TASK INPUT:
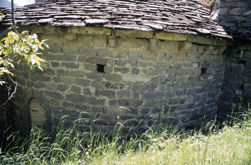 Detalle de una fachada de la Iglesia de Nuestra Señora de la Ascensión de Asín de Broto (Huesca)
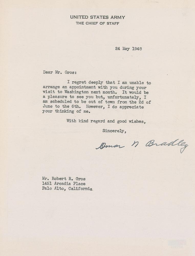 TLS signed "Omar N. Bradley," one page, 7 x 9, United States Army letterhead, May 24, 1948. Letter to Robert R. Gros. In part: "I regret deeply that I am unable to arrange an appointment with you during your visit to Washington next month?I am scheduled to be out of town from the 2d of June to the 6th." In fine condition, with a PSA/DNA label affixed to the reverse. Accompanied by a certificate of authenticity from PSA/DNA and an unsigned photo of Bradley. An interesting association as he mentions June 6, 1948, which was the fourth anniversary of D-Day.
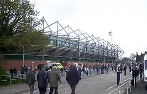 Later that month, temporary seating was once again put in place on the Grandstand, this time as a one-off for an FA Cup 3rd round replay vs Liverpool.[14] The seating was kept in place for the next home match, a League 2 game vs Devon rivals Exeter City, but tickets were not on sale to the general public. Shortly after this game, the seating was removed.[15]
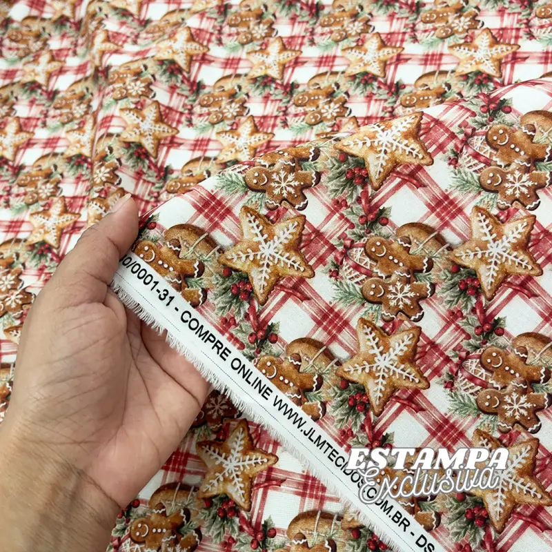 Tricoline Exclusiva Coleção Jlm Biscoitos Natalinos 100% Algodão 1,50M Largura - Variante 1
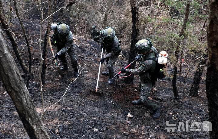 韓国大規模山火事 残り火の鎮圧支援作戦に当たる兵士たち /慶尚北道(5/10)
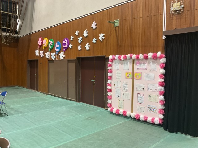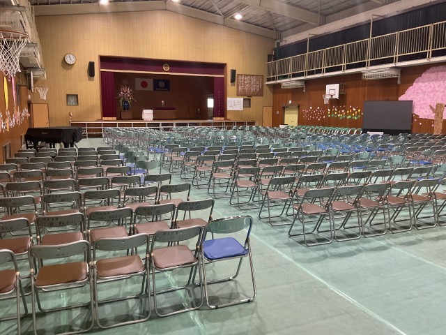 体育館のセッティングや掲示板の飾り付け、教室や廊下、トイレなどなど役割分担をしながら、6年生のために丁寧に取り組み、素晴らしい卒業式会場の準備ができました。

WORK INSTRUCTION: Drop the pictures, then repeat the material word for word.

EXERCISE OUTPUT:
 Detalle de una fachada de la Iglesia de Nuestra Señora de la Ascensión de Asín de Broto (Huesca)
 TLS signed "Omar N. Bradley," one page, 7 x 9, United States Army letterhead, May 24, 1948. Letter to Robert R. Gros. In part: "I regret deeply that I am unable to arrange an appointment with you during your visit to Washington next month?I am scheduled to be out of town from the 2d of June to the 6th." In fine condition, with a PSA/DNA label affixed to the reverse. Accompanied by a certificate of authenticity from PSA/DNA and an unsigned photo of Bradley. An interesting association as he mentions June 6, 1948, which was the fourth anniversary of D-Day.
 Later that month, temporary seating was once again put in place on the Grandstand, this time as a one-off for an FA Cup 3rd round replay vs Liverpool.[14] The seating was kept in place for the next home match, a League 2 game vs Devon rivals Exeter City, but tickets were not on sale to the general public. Shortly after this game, the seating was removed.[15]
 Tricoline Exclusiva Coleção Jlm Biscoitos Natalinos 100% Algodão 1,50M Largura - Variante 1
 韓国大規模山火事 残り火の鎮圧支援作戦に当たる兵士たち /慶尚北道(5/10)
 体育館のセッティングや掲示板の飾り付け、教室や廊下、トイレなどなど役割分担をしながら、6年生のために丁寧に取り組み、素晴らしい卒業式会場の準備ができました。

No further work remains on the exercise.